Otra forma de entender los beneficios de una ciudad verde es considerando el “efecto isla” que se produce por el calentamiento de las ciudades debido a sus calles y falta de espacios verdes. Cuando hace calor en Quito es casi instintivo correr a un parque porque sabemos que ahí está más fresco. En Chicago, estos aumentos de temperatura cobraron vidas y llevaron al municipio a promover la construcción de jardineras y techos verdes.

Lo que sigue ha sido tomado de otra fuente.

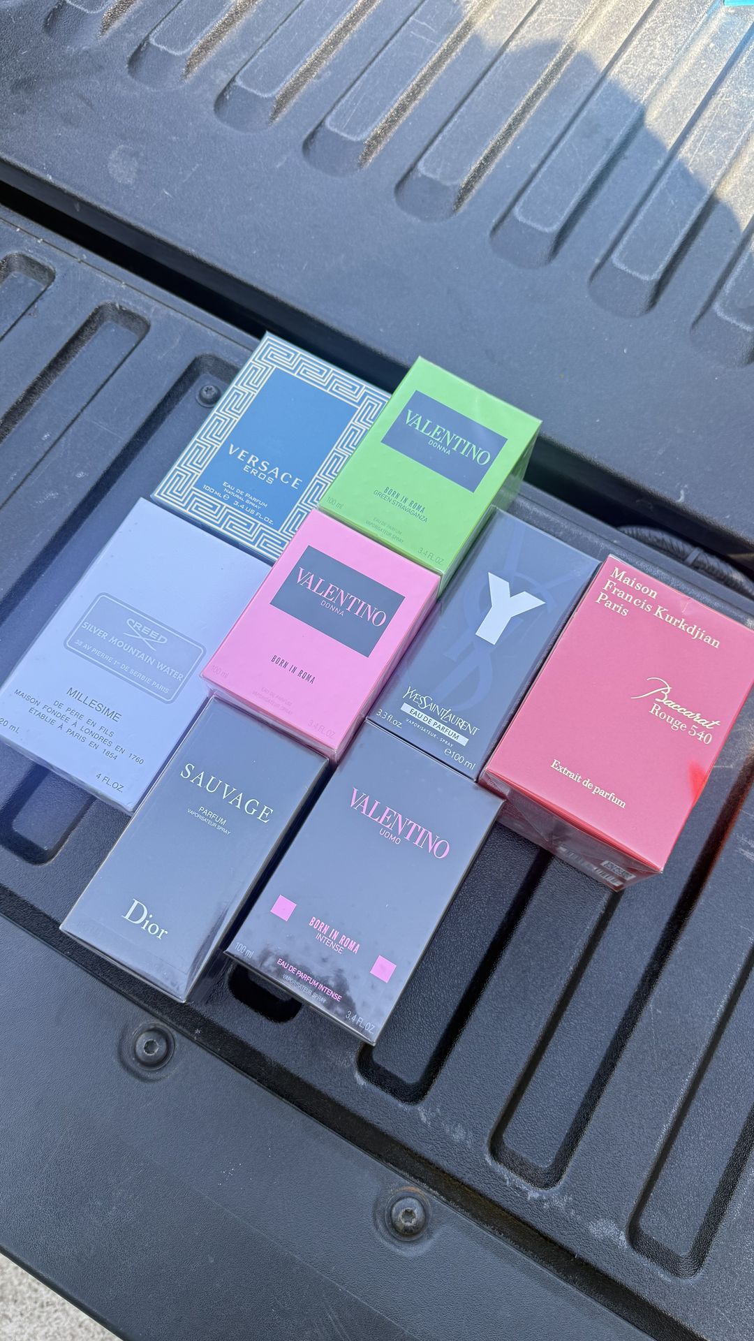 Colognes/perfumes available for ‼️singles/Bulk ‼️ 3 versions of Valentino Creed YSL Bacarrat Versace Eros Dior
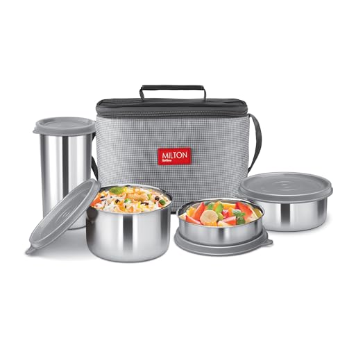 Introducing Steel Softline Tiffin series from the house of Milton. Delicious Combo is an ideal choice to carry home-made food in 100% leak-proof stainless steel containers. It comes with 3 stainless steel round containers along with a stainless steel tumbler. The outer jacket is made of finer quality and trendy fabric and high grade insulation that keeps contents hot and fresh for long hours. The stylish design and select colours of jackets make it a perfect meal companion.
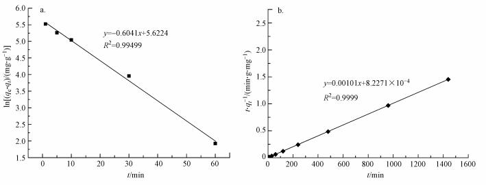 式中, C0、Ct、Ce分別為初始時刻、吸附時間為t、吸附平衡時的吸附量(mg·g-1), V為溶液體積(L), W為吸附劑的質量(g).
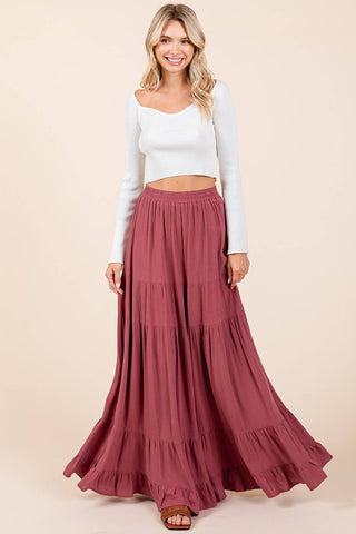 Tiered Flowy Elastic Waist Lined Maxi Skirt
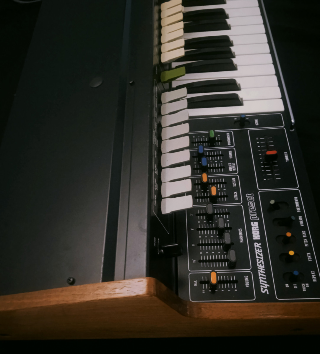 Suena a la epoca totalmente, con filtro traveller y con esa extraña barra de metal a modo de aftertouch a la q se pueden asignar vibrato, pitch, portamento, etc....
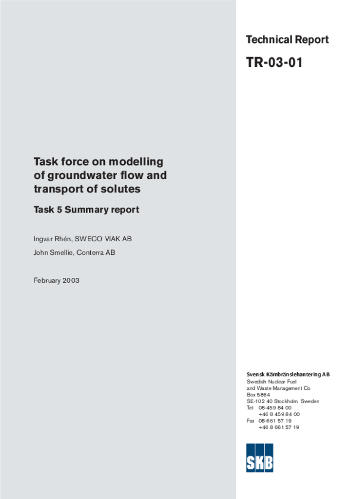 Task force on modelling of groundwater flow and transport of solutes. Task 5 Summary report
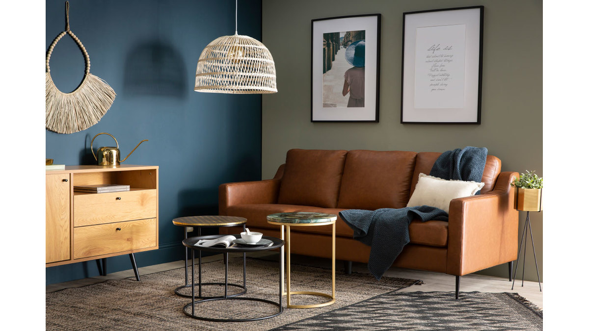 Les assises en cuir font partie de la liste des grands classiques en décoration intérieure. Nous vous invitons à vous installer sur notre canapé en cuir OXMO pour découvrir son confort et sa qualité. Pouvant accueillir jusqu'à 3 personnes, il offre la possibilité de passer un moment convivial dans une esthétique authentique et épurée.
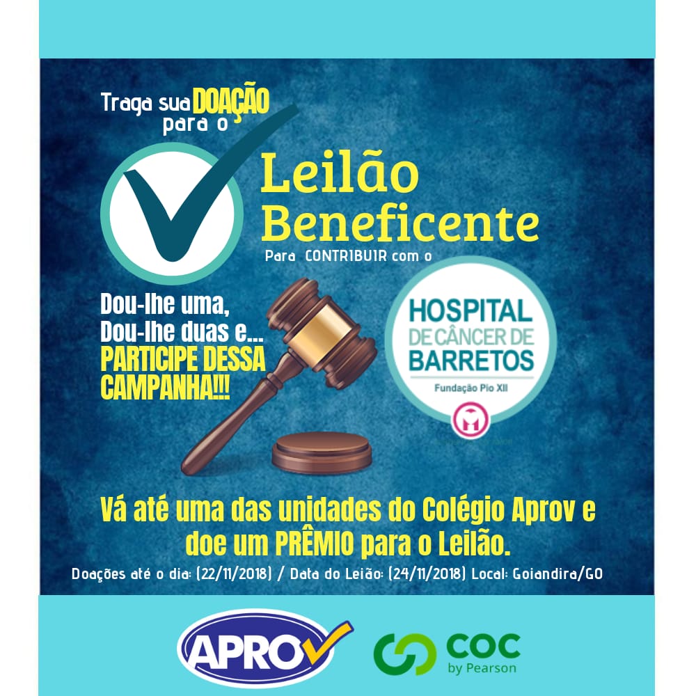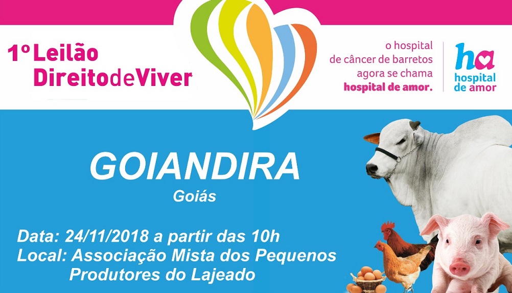 Na manhã do próximo sábado (25/11), a partir das 10h, na Associação de Mista dos Pequenos Produtores do Lajeado, zona rural do município de Goiandira, será realizado um leilão beneficente em prol ao Hospital do Câncer de Barretos-SP, realizado pela coordenação regional do HCB em Goiandira, com apoio de empresários e clubes de serviços.

No es nada sencillo copiar o crear ciudades sostenibles. Cualquier sitio que pretenda ser próspero en el futuro requiere de políticas ambientales radicales y sobre todo procesos participativos limpios. En Quito se han hecho avances hacia este camino. Existen normativas en las que los usuarios pueden reducir hasta un 50% su pago de sus impuestos por buenas prácticas ambientales, pero aún los reglamentos no son claros. Se tiene un interesante programa de protección de quebradas, pero los constructores lo desconocen o no le temen a las sanciones.

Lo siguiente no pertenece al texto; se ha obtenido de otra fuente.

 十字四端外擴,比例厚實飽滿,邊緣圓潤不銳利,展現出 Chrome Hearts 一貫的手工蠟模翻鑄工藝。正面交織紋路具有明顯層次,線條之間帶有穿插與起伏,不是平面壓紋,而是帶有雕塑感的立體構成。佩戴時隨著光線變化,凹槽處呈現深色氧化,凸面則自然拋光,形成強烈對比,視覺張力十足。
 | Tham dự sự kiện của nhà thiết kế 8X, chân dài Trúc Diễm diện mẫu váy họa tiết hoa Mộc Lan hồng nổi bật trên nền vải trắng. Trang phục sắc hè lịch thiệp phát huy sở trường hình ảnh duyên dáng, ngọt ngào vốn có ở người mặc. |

Estamos lejos de ser una urbe sostenible. No se trata de buscar reconocimientos internacionales sino de que un ciudadano pueda caminar por un espacio de su ciudad y sentirse orgulloso y saludable. Se trata de tener parques que parezcan bosques en medio del centro más transitado de la ciudad como el Parque Central de Nueva York. Quito enfrenta un enorme y urgente reto para convertirse en verdadero ecosistema urbano o simplemente volverse una ciudad en las que uno acelera su vehículo para demorarse lo menos posible en cruzarla.